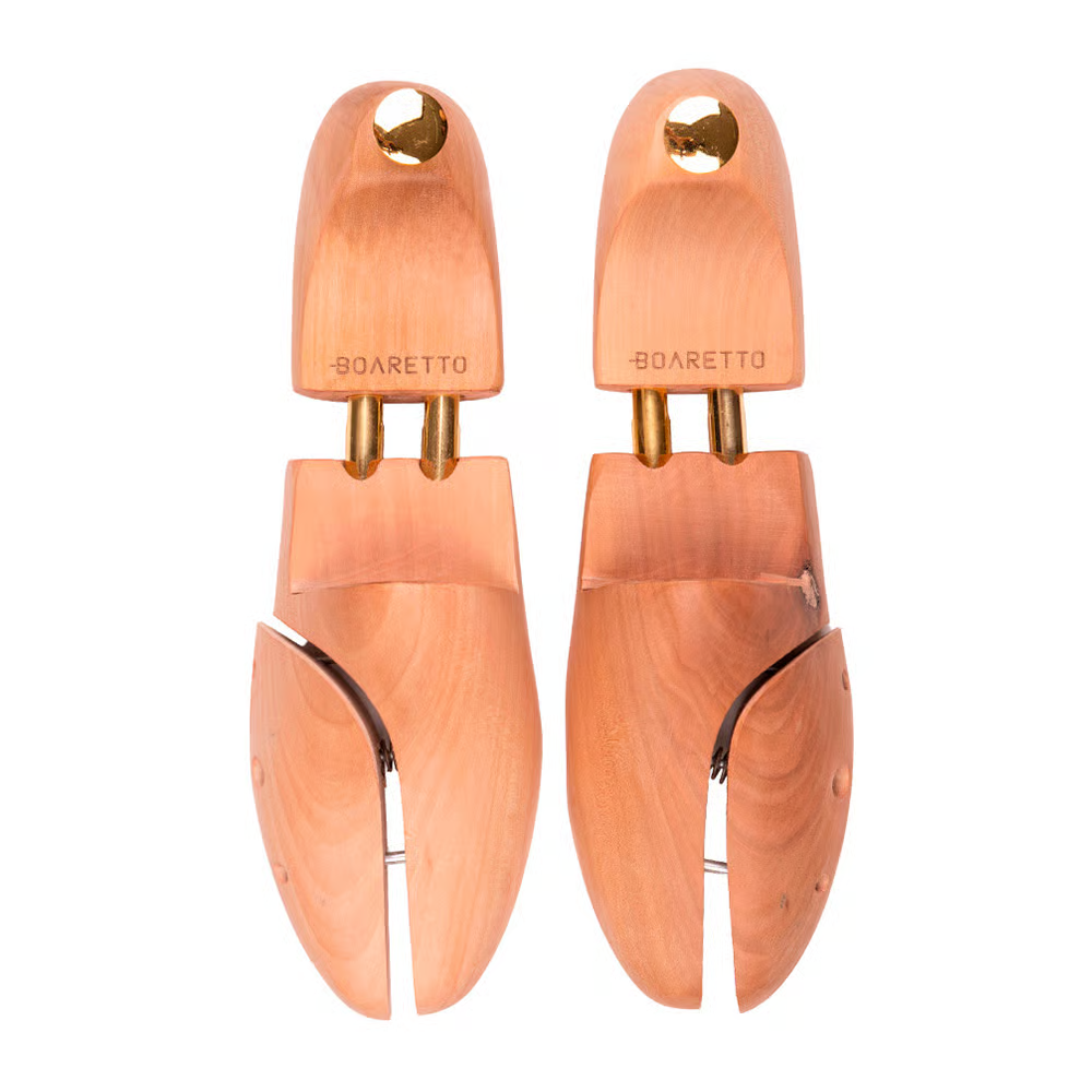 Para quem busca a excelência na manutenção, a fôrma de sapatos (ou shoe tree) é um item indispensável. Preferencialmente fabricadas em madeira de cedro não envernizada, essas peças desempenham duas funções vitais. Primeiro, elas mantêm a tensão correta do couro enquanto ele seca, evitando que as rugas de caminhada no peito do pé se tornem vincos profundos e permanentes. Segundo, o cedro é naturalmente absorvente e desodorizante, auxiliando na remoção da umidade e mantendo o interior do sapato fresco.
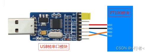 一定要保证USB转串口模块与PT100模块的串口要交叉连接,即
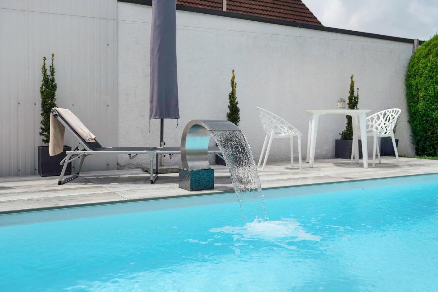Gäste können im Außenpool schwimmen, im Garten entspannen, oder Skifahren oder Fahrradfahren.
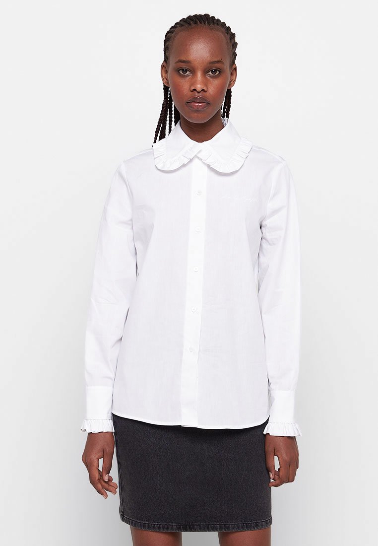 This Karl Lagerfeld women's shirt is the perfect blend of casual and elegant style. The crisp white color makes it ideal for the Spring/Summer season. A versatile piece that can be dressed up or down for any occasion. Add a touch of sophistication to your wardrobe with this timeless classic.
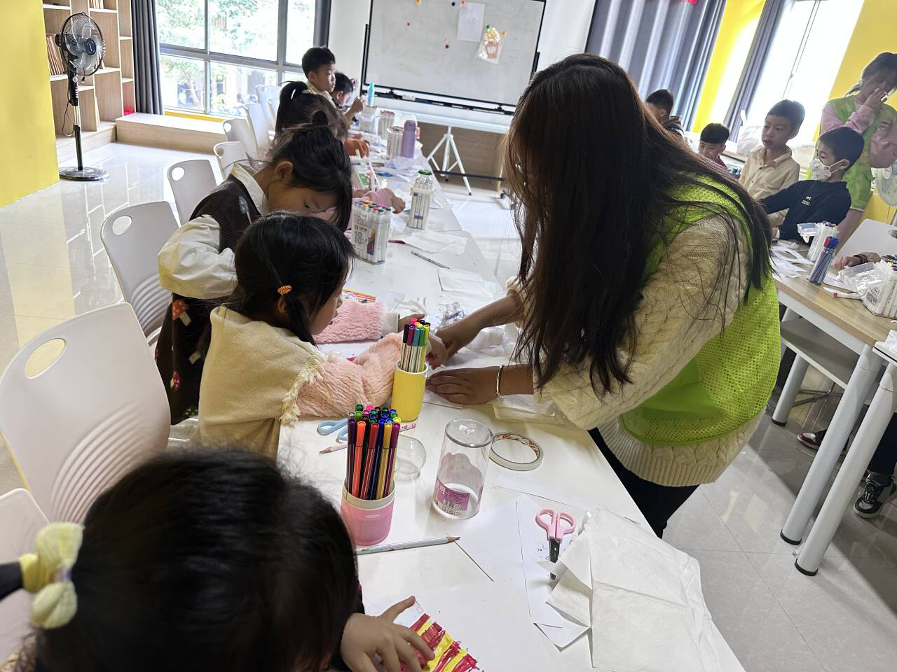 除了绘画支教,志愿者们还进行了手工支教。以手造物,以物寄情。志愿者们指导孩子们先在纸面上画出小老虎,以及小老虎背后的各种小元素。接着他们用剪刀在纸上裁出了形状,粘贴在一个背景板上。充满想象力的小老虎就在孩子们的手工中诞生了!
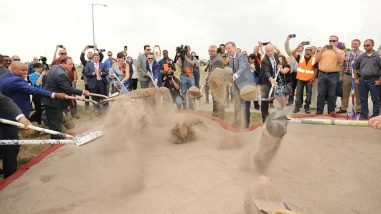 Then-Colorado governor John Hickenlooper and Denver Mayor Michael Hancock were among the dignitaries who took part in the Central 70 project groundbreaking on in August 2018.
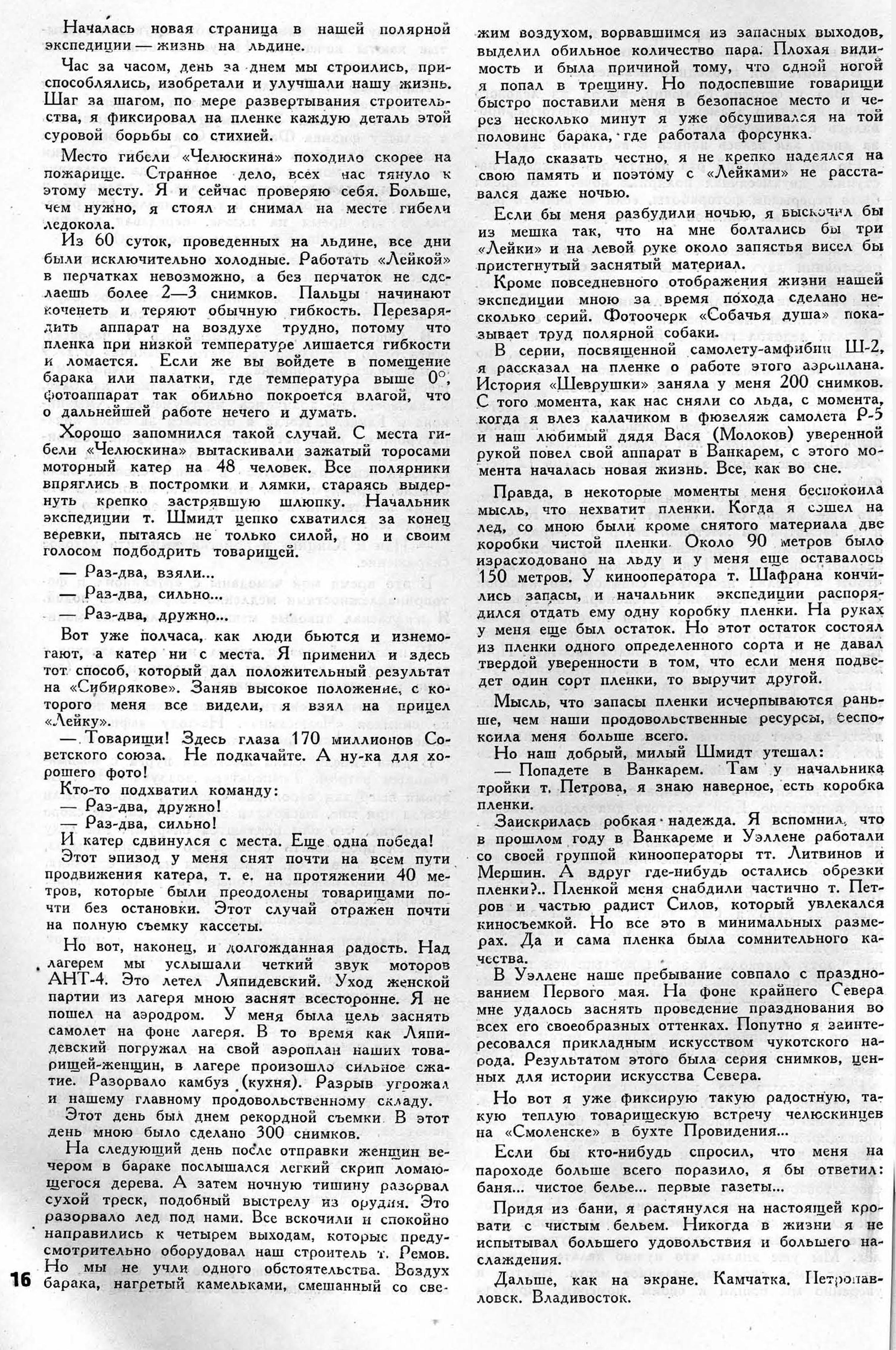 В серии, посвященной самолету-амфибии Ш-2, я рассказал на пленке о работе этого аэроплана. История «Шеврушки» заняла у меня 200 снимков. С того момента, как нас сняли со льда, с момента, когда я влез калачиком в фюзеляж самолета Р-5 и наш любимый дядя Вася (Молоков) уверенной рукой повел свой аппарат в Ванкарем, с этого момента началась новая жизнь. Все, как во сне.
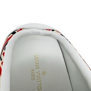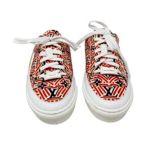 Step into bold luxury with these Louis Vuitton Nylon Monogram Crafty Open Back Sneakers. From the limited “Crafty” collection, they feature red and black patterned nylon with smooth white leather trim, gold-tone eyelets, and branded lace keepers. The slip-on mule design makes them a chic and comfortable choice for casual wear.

| Aim of the task |
All that is required is an exact reproduction of the lines from the one containing "一定要保证USB转串口模块与PT100模块的串口要交叉连接,即" to the final line of the listing above, pictures omitted.

| Result of this task |
 一定要保证USB转串口模块与PT100模块的串口要交叉连接,即
Gäste können im Außenpool schwimmen, im Garten entspannen, oder Skifahren oder Fahrradfahren.
 This Karl Lagerfeld women's shirt is the perfect blend of casual and elegant style. The crisp white color makes it ideal for the Spring/Summer season. A versatile piece that can be dressed up or down for any occasion. Add a touch of sophistication to your wardrobe with this timeless classic.
 除了绘画支教,志愿者们还进行了手工支教。以手造物,以物寄情。志愿者们指导孩子们先在纸面上画出小老虎,以及小老虎背后的各种小元素。接着他们用剪刀在纸上裁出了形状,粘贴在一个背景板上。充满想象力的小老虎就在孩子们的手工中诞生了!
 Then-Colorado governor John Hickenlooper and Denver Mayor Michael Hancock were among the dignitaries who took part in the Central 70 project groundbreaking on in August 2018.
 В серии, посвященной самолету-амфибии Ш-2, я рассказал на пленке о работе этого аэроплана. История «Шеврушки» заняла у меня 200 снимков. С того момента, как нас сняли со льда, с момента, когда я влез калачиком в фюзеляж самолета Р-5 и наш любимый дядя Вася (Молоков) уверенной рукой повел свой аппарат в Ванкарем, с этого момента началась новая жизнь. Все, как во сне.
 Step into bold luxury with these Louis Vuitton Nylon Monogram Crafty Open Back Sneakers. From the limited “Crafty” collection, they feature red and black patterned nylon with smooth white leather trim, gold-tone eyelets, and branded lace keepers. The slip-on mule design makes them a chic and comfortable choice for casual wear.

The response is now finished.